Argentine golfer, Eduardo Romero nailed his victory in the European Masters on Sunday in Crans Montana. He romped away from the rest of the field with a four under par final round of 67 that allowed him to win the tournament by 10 strokes.
Romero had virtually guaranteed his victory on Saturday, with a round of 62. This score had put him eight shots ahead of the competition with one round to play.
The Argentine's total of 261 strokes tied for the lowest score in the event. Canadian Jerry Anderson won with the same total in 1984, but the course was considered to be easier then.
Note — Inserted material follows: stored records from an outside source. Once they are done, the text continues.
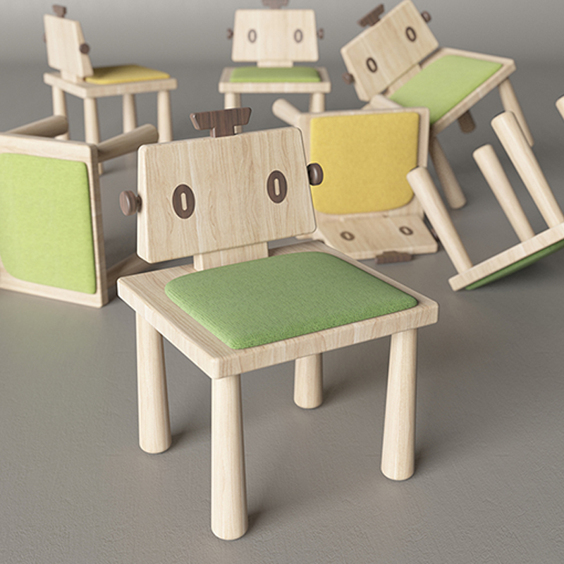 彩家居机器人部落系列ROB-S1-A机器人1号家用儿童创意座椅北美白蜡木
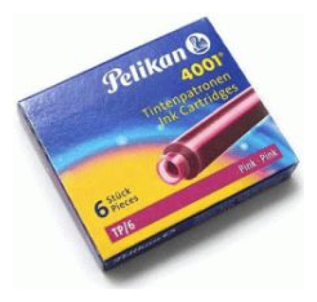 κοντά δοχεία μελάνης TP/5 Pelikan 4001, τυπικά δοχεία μελάνης για στυλό, η συσκευασία περιέχει 6 δοχεία μελάνης TG/6, ροζ{Type} Κοντές κασέτες. {Color}Ροζ . {Ποσότητα} 6 τεμ.
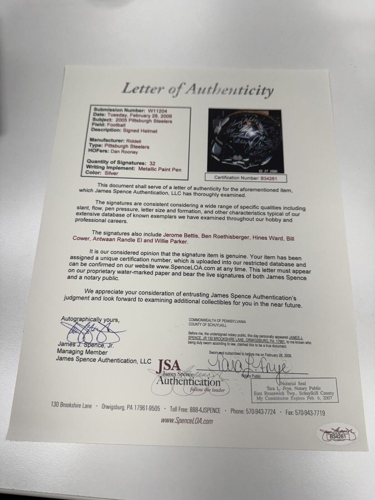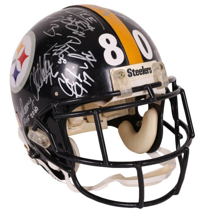 Offered is a full-sized Pittsburgh Steelers helmet that is signed by members of its 2005 squad that won Super Bowl XL. 32 signatures with Jerome Bettis, Hines Ward (Super Bowl XL MVP), Bill Cowher, Ben Roethlisberger, Joey Porter, Heath Miller, Antwaan Randle El, Brett Keisel, Willie Parker and Larry Foote, among others, signed the headwear. The #80 helmet shows wear from use from presumed game action. The signatures, in silver Sharpie, display really well. Accompanied by a full LOA from JSA.
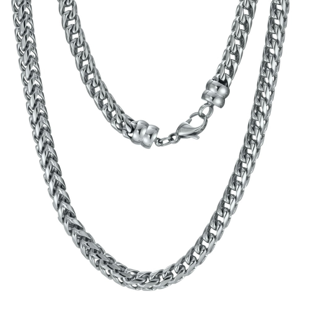 Stijlvolle ketting van hoogwaardig roestvrij staal. Dit collier heeft een tijdloos ontwerp met een stevige schakelstructuur en een veilige karabijnsluiting. Duurzaam en elegant, perfect voor dagelijks gebruik en speciale gelegenheden. Vrouwelijk en mannelijk draagbaar.
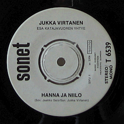 | Jämsänkoskella 1933 syntynyt suomalaisen viihde-elämän suurmies. A-puolella Jukka esiintyy yksin, takasivulla Marjatta Leppäsen kanssa. Kummallakin puolella säestyksestä vastaa Esa Katajavuoren yhtye. Artistin esikoissinkku.

Romero's margin of victory is also the biggest this year on the European tour. He is also the oldest player, at 46, to win in Europe since his countryman Vicente Fernandez at the English Open in 1992.
Romero walks away with SFr390,000 ($220,000) in prize money.
The Argentine had not won since 1994, but despite the drought, he feels he can go on winning. "Six years and now I think I can win next week as well" said Romero, "I feel great, very strong like Tiger Woods."
For Romero, focus was the key to victory. "It would have been easy to lose concentration taking an eight-shot lead into the last round, but I kept it fantastically until I dropped my only shot at the 17th."
The runner-up in the competition was Thomas Bjorn of Denmark, the winner of last weekend's Munich International. Meanwhile, Northern Irishman Darren Clarke, who finished third, has taken over the lead on the European money list.
Switzerland's Paolo Quirici, third after three rounds, faded on Sunday with a 3 over par 74. He finished equal 13th on the leader board at the end of the tournament.
Quirici has not had a better result at Crans Montana since 1991, when he finished fifth. His play earned him SFr35,000.
Three other Swiss had made it past the cut. André Bossert from Zurich finished 28th with a final round of 71.
Dimitri Bieri and Steve Rey stayed well away from the top of the leader board and finished 77th and 80th.
This was the first time four Swiss players had made it past the cut in a European Tour tournament. Previously, no more than two Swiss golfers had managed to do so.